Regardless, there are already a number of problems associated with the accession of the Republic of Crimea and the City of Sevastopol to the Russian Federation’s ruble zone. First, some argue that Crimeans are more familiar with using the hryvna and so prefer to pay for goods in that currency. Indeed, some supermarkets only price their goods in hryvna, so there are costs for individuals associated with the change. Other infrastructural problems also persist: with the introduction of the new currency, ATMs will have to be refitted to dispense rubles, and the approximately 2 million people of Crimea will all be trying to change their money at the same time. Indeed, Andrei Klimenko, an associate professor at the Higher School of Economics in Moscow and the chair of the board on regional economies, said that “the fact of the matter was that those three or four Russian banks that were already in the Crimea were physically unable to cope with the situation and were unable to open up tens of thousands of accounts.” Klimenko also noted problems with an increase in prices: “Just a few days ago, the [Russian federal] minister for Crimea [Oleg Savelyev] said that if [the peninsula fully severs] ties with Ukraine, the price of foodstuffs will rise sharply and, consequently, Ukrainian suppliers of foodstuffs, medicines and industrial products will need to deal with a foreign currency… And they do not need that headache, so they will simply refuse to do business with the Crimea” (, May 12). The flood of rubles to Crimea in the last two months has already led to an increase in food prices and a projected decline in consumer spending in Crimea.

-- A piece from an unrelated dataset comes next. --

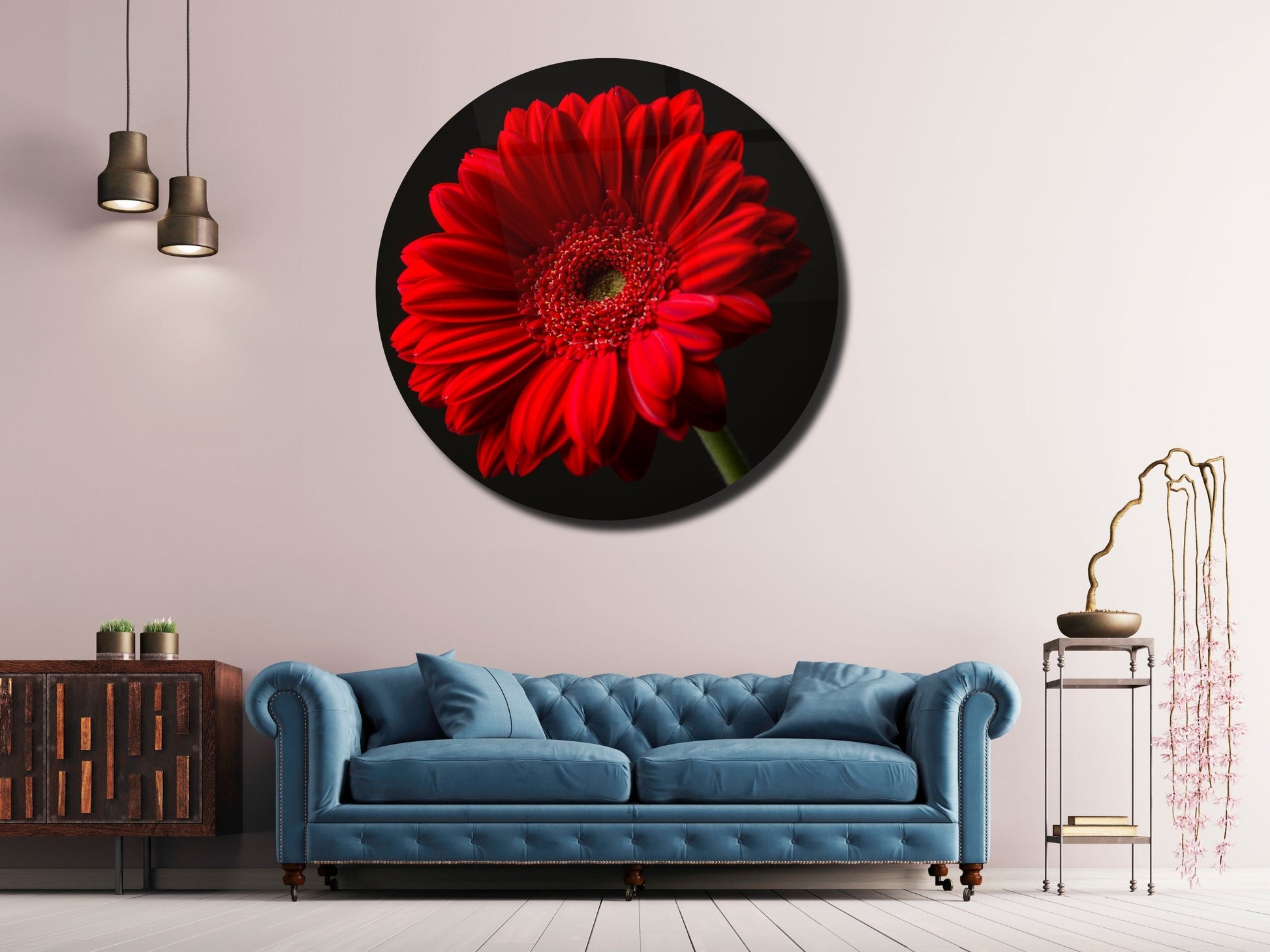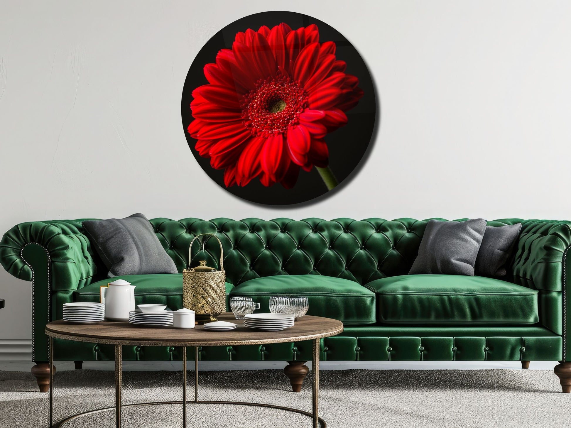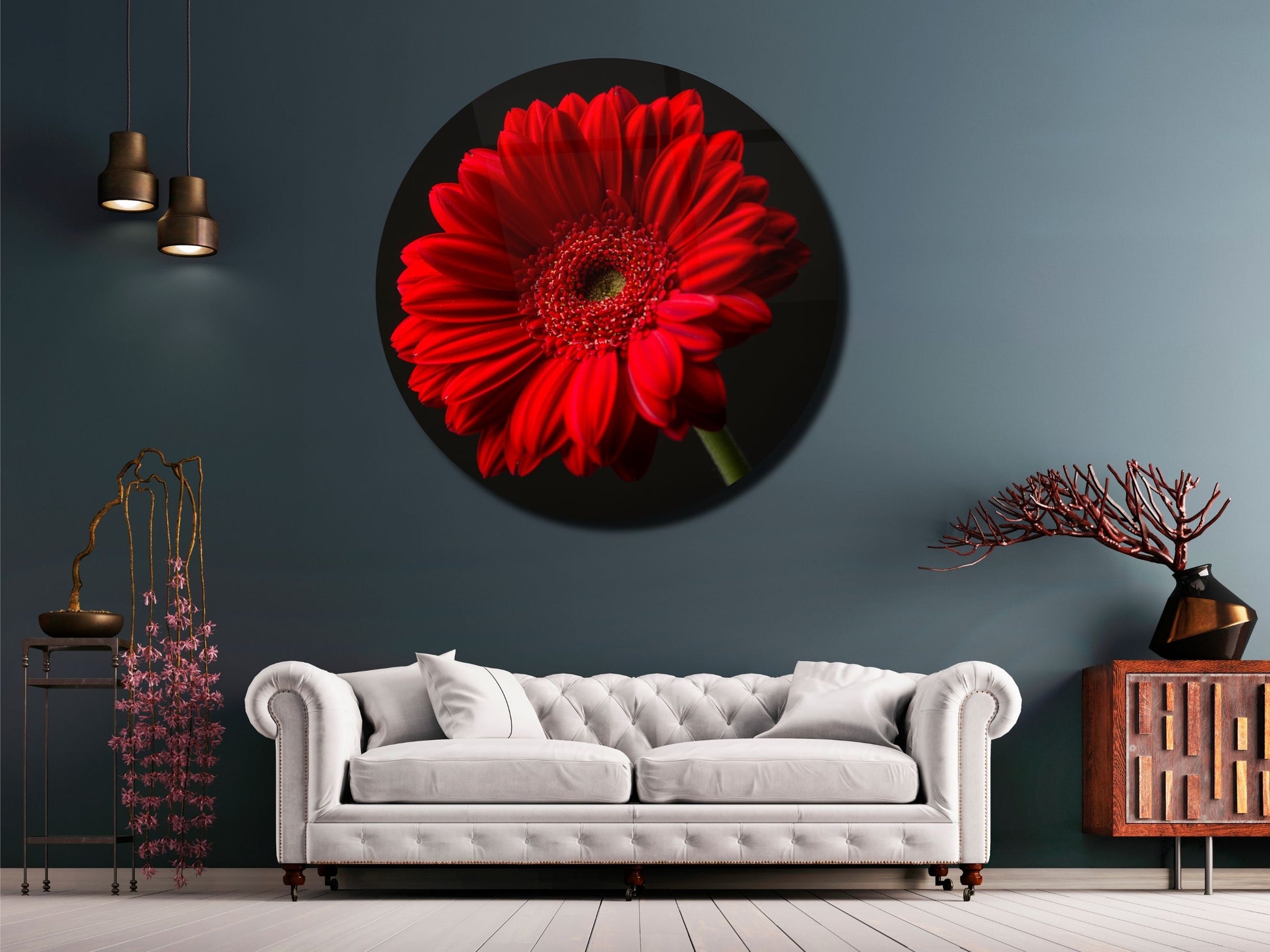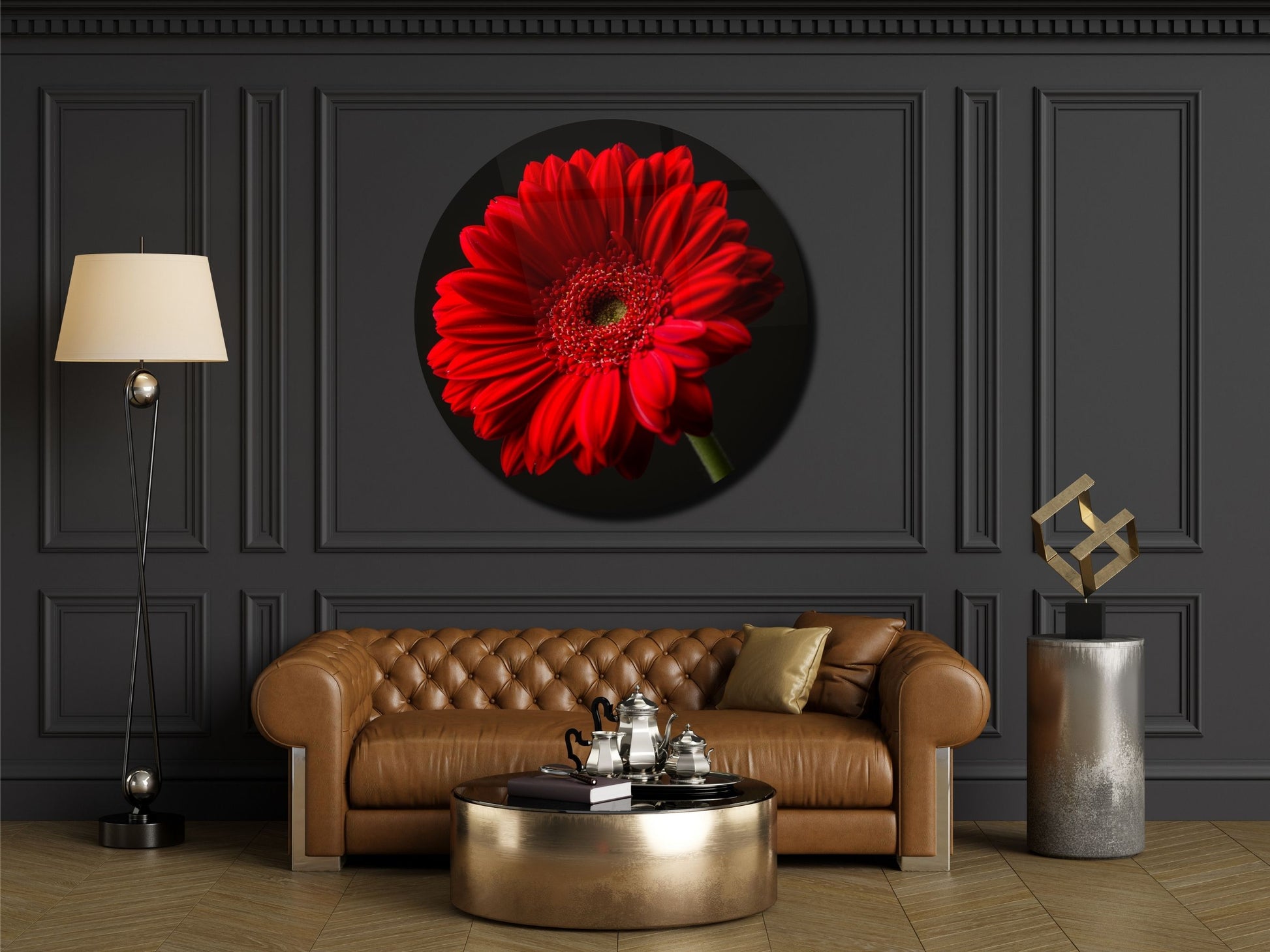 Kırmızı Karanfi Cam Tablo - Yuvarlak Modern Çiçek Duvar Dekoru
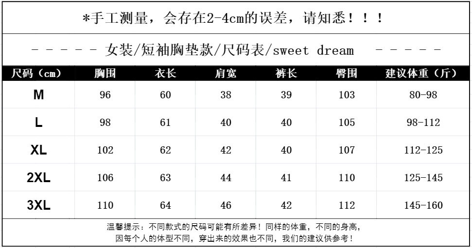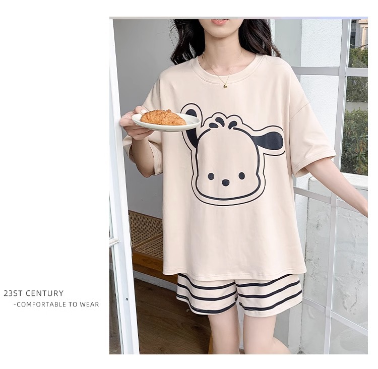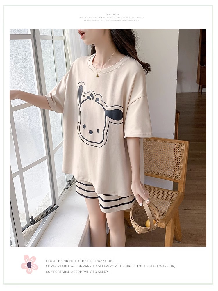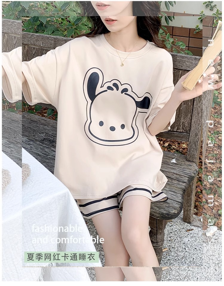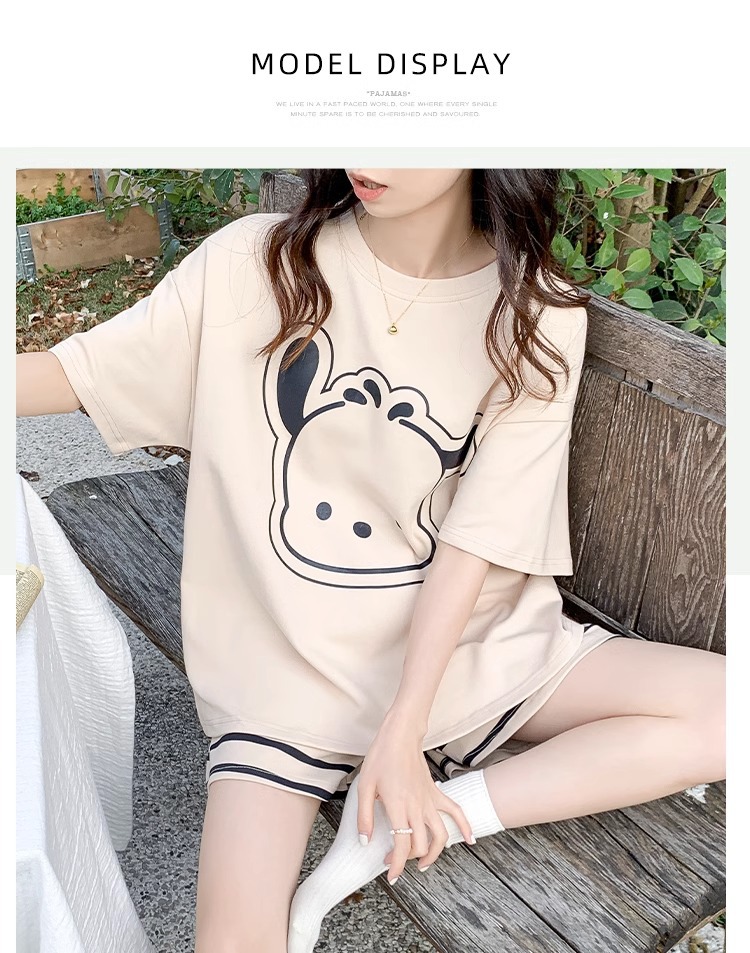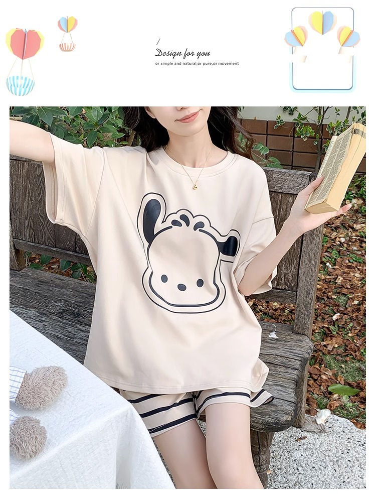 여름 시원한 잠옷 여성용 반팔 캐주얼 귀여운 만화 통통녀 가슴 패드 투피스 세트와 경량 편안한 홈 웨어

The bill officially joining Crimea and Sevastopol to Russia was passed by the Russian parliament on March 20 and consists of 24 articles laying out the obligations of Crimea as a constituent republic in the Russian Federation as well as its responsibilities. For instance, the legislation names three official languages for Crimea: Russian, Ukrainian and Crimean Tatar ( However, the legal plan for annexation glosses over the many practical difficulties of integrating these Ukrainian territories into Russia. Numerous observers have noted that the cost of bringing Crimean infrastructure up to date is going to cause problems for Russia, which now finds it difficult to borrow currency on world exchanges. The first signs of this have already started to materialize. On May 13, the head of the Russian Ministry for Economic Development, Alexei Ulyuksev, decided to defund two projects elsewhere in the Russian Federation—one, a bridge in the Far East republic of Sakha (Yakutia), and the other, the development of a cargo port in Krasnodar Krai—partially in order to pay the costs of refurbishing Crimea’s infrastructure. Minister Ulyuksev defended the decision on the grounds that there was “little traffic” in the case of the Yakut bridge and that the development of a port in Taman (Krasnodar Krai) was not needed due to the recent annexation of Crimea (

Thus, the addition of another region to the Russian Federation may prove more contentious for Russia’s internal politics than perhaps anticipated by the Kremlin. In a worst-case scenario, the competition between Russian regions for federal funds could provoke a constitutional crisis similar to what was seen in the early 1990s, prior to the adoption of the 1993 constitution (Daniel S. Treisman, “Russia’s ‘Ethnic Revival:’ The Separatist Activism of Regional Leaders in a Postcommunist Order,” 1997). One way or another, the unforeseen costs for Moscow in absorbing the Crimean peninsula continue to add up.